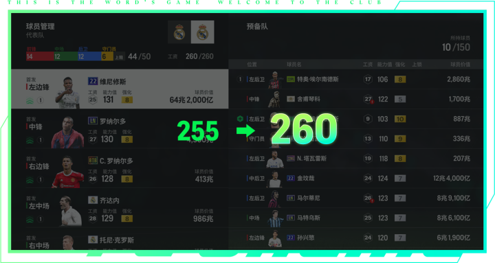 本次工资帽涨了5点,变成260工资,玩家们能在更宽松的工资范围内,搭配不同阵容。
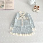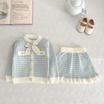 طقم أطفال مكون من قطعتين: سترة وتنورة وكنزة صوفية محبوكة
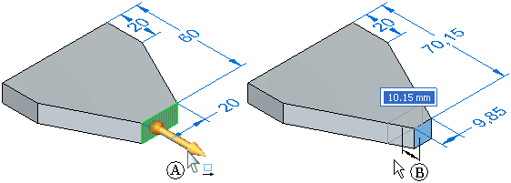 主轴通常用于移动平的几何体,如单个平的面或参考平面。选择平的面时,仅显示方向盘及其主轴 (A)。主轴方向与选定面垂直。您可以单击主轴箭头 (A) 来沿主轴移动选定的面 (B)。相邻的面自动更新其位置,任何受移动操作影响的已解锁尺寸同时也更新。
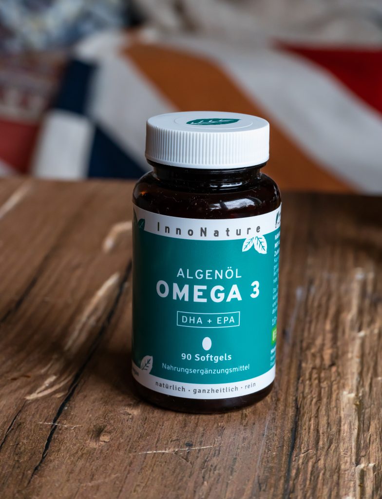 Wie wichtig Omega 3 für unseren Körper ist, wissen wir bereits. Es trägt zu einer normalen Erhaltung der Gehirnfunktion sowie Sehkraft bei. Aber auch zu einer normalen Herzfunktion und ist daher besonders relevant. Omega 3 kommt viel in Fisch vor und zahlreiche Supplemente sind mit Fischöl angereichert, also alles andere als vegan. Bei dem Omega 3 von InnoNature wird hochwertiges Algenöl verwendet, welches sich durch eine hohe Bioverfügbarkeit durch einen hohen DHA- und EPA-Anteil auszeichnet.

■ ■ ■ ■

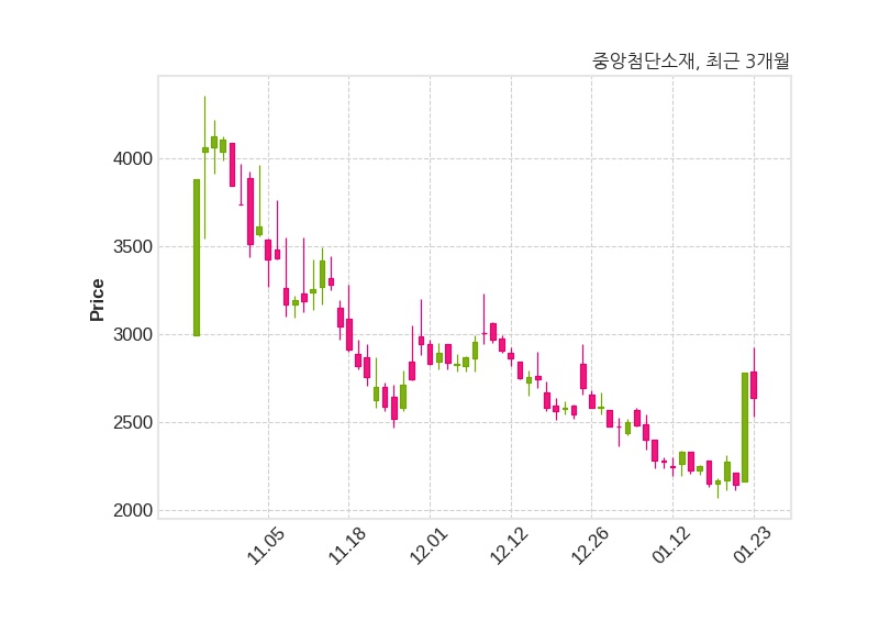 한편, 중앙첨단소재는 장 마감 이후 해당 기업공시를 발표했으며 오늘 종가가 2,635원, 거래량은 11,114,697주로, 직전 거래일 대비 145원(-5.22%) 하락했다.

■ ■ ■ ■

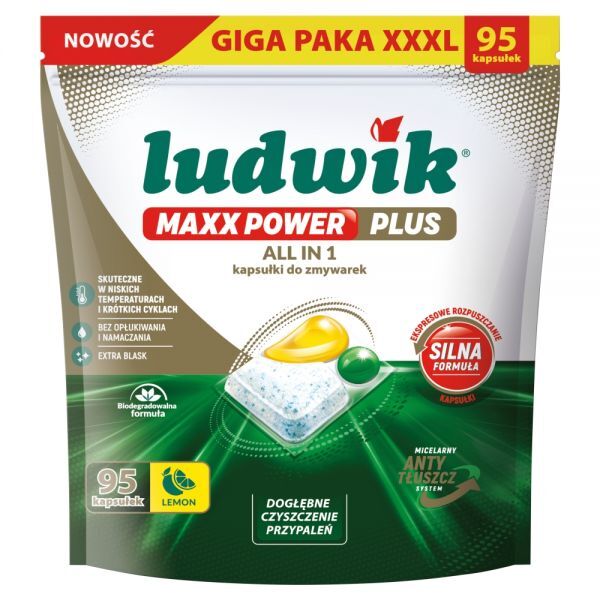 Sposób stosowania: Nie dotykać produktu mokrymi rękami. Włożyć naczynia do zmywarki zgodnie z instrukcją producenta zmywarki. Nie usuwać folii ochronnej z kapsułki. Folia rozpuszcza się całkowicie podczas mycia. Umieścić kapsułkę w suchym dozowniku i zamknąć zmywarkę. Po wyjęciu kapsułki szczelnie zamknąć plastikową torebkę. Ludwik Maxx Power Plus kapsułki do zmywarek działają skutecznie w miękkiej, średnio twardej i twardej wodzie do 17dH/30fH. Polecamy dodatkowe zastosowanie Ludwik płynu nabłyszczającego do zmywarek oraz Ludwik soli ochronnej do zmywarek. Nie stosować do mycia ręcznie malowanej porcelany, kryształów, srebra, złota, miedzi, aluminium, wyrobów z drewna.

■ ■ ■ ■

When you reach the line holding "本次工资帽涨了5点,变成26" in the listing above, begin retyping exactly, and stop once the line holding "(A) 来沿主轴移动选定的面 (B)。相邻的面自动更新其位置,任何受移动操作影响的已解锁尺寸同时也更新。" is done; pictures stay out.

 本次工资帽涨了5点,变成260工资,玩家们能在更宽松的工资范围内,搭配不同阵容。
 طقم أطفال مكون من قطعتين: سترة وتنورة وكنزة صوفية محبوكة
 主轴通常用于移动平的几何体,如单个平的面或参考平面。选择平的面时,仅显示方向盘及其主轴 (A)。主轴方向与选定面垂直。您可以单击主轴箭头 (A) 来沿主轴移动选定的面 (B)。相邻的面自动更新其位置,任何受移动操作影响的已解锁尺寸同时也更新。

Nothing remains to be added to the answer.